▶ [Assignment] Return the data word for word. Pictures are to be omitted.
[Records Boundary: Start]
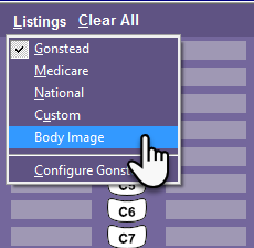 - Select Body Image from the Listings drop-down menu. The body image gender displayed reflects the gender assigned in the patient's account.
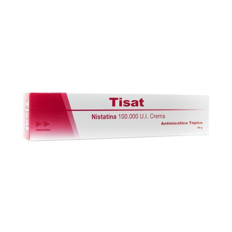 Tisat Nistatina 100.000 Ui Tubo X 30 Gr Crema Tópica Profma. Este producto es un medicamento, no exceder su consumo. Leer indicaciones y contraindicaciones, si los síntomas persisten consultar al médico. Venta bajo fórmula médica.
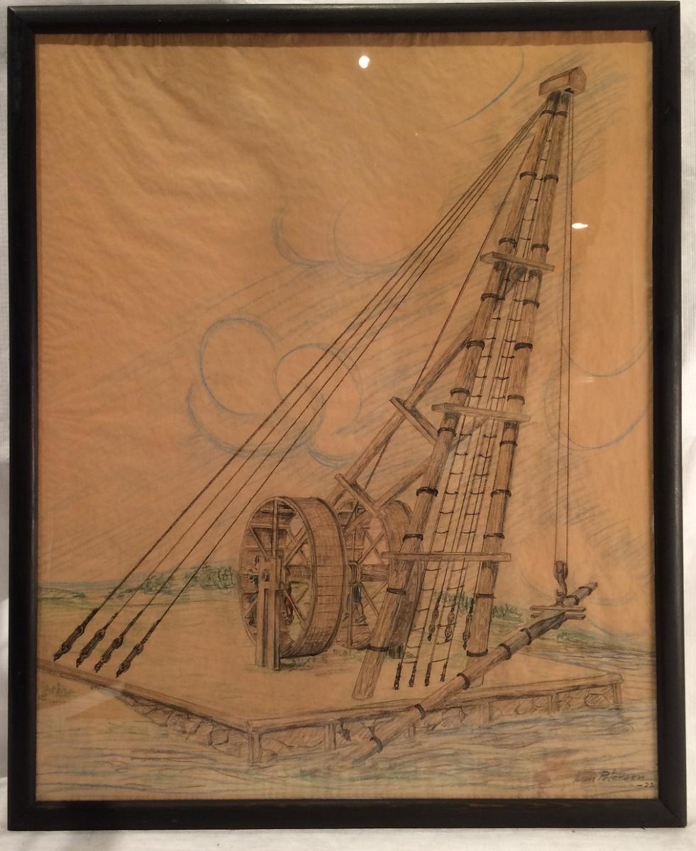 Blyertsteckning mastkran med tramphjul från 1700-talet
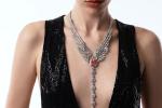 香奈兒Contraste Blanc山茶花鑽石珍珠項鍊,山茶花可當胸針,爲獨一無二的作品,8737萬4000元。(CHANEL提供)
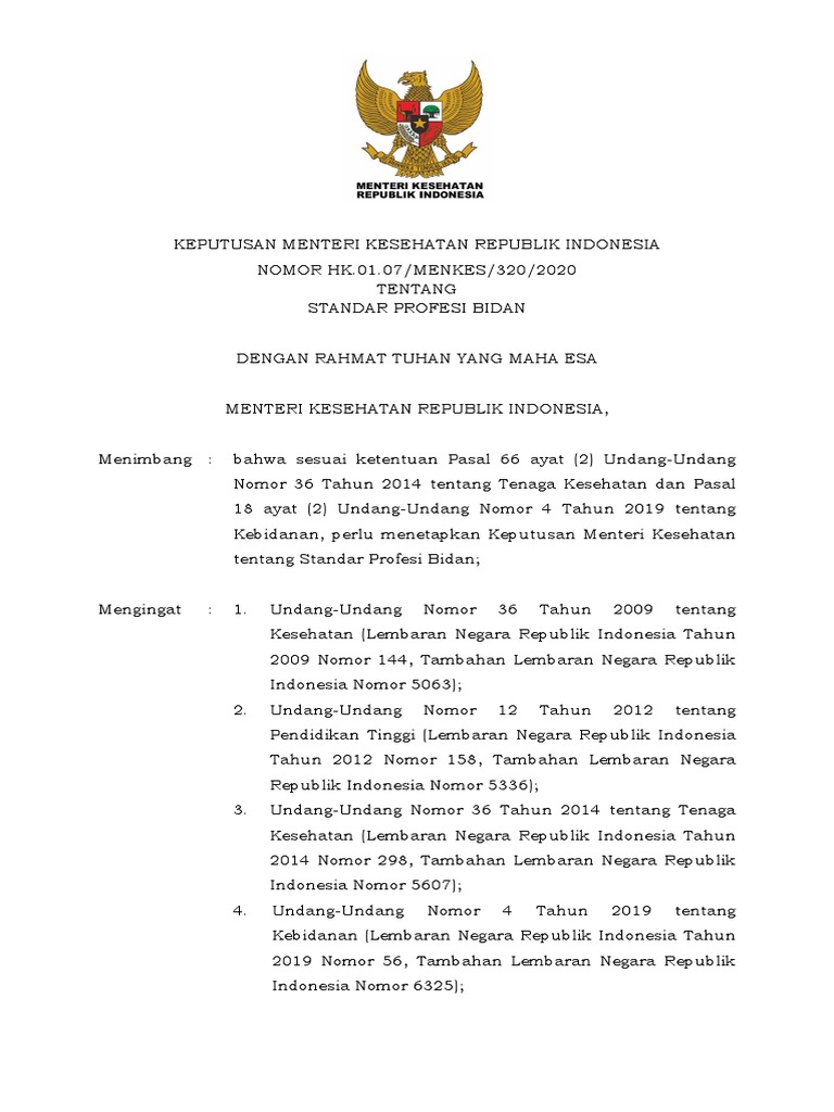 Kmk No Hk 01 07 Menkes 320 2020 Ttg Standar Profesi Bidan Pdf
[Records Boundary: End]
▶ [Output for this task]
 - Select Body Image from the Listings drop-down menu. The body image gender displayed reflects the gender assigned in the patient's account.
 Tisat Nistatina 100.000 Ui Tubo X 30 Gr Crema Tópica Profma. Este producto es un medicamento, no exceder su consumo. Leer indicaciones y contraindicaciones, si los síntomas persisten consultar al médico. Venta bajo fórmula médica.
 Blyertsteckning mastkran med tramphjul från 1700-talet
 香奈兒Contraste Blanc山茶花鑽石珍珠項鍊,山茶花可當胸針,爲獨一無二的作品,8737萬4000元。(CHANEL提供)
 Kmk No Hk 01 07 Menkes 320 2020 Ttg Standar Profesi Bidan Pdf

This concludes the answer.